▶ _TASK DETAILS_
Please copy exactly the part of the records below that opens with the line containing "Fabio Berardi etched" and closes with the line containing "Гвоздика перистая Maggie", leaving out any pictures.

▶ _AVAILABLE RECORDS_
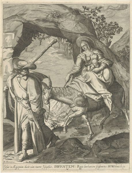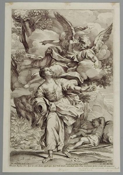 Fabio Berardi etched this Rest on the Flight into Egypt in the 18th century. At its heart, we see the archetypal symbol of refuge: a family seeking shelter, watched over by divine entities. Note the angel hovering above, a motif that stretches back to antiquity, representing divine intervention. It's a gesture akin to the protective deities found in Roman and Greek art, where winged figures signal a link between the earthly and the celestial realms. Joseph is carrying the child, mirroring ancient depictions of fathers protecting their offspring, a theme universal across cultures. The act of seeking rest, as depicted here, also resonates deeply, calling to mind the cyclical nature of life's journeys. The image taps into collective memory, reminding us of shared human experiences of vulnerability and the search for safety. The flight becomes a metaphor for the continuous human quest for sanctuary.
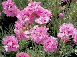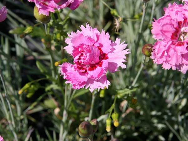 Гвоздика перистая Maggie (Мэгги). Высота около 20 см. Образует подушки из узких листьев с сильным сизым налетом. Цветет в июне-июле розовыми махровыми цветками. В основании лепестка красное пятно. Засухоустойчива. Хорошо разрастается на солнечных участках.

* * *

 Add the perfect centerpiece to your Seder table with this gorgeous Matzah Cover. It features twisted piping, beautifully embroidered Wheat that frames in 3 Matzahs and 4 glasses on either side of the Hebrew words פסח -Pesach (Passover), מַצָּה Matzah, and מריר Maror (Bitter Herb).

▶ _FINISHED TASK_
 Fabio Berardi etched this Rest on the Flight into Egypt in the 18th century. At its heart, we see the archetypal symbol of refuge: a family seeking shelter, watched over by divine entities. Note the angel hovering above, a motif that stretches back to antiquity, representing divine intervention. It's a gesture akin to the protective deities found in Roman and Greek art, where winged figures signal a link between the earthly and the celestial realms. Joseph is carrying the child, mirroring ancient depictions of fathers protecting their offspring, a theme universal across cultures. The act of seeking rest, as depicted here, also resonates deeply, calling to mind the cyclical nature of life's journeys. The image taps into collective memory, reminding us of shared human experiences of vulnerability and the search for safety. The flight becomes a metaphor for the continuous human quest for sanctuary.
 Гвоздика перистая Maggie (Мэгги). Высота около 20 см. Образует подушки из узких листьев с сильным сизым налетом. Цветет в июне-июле розовыми махровыми цветками. В основании лепестка красное пятно. Засухоустойчива. Хорошо разрастается на солнечных участках.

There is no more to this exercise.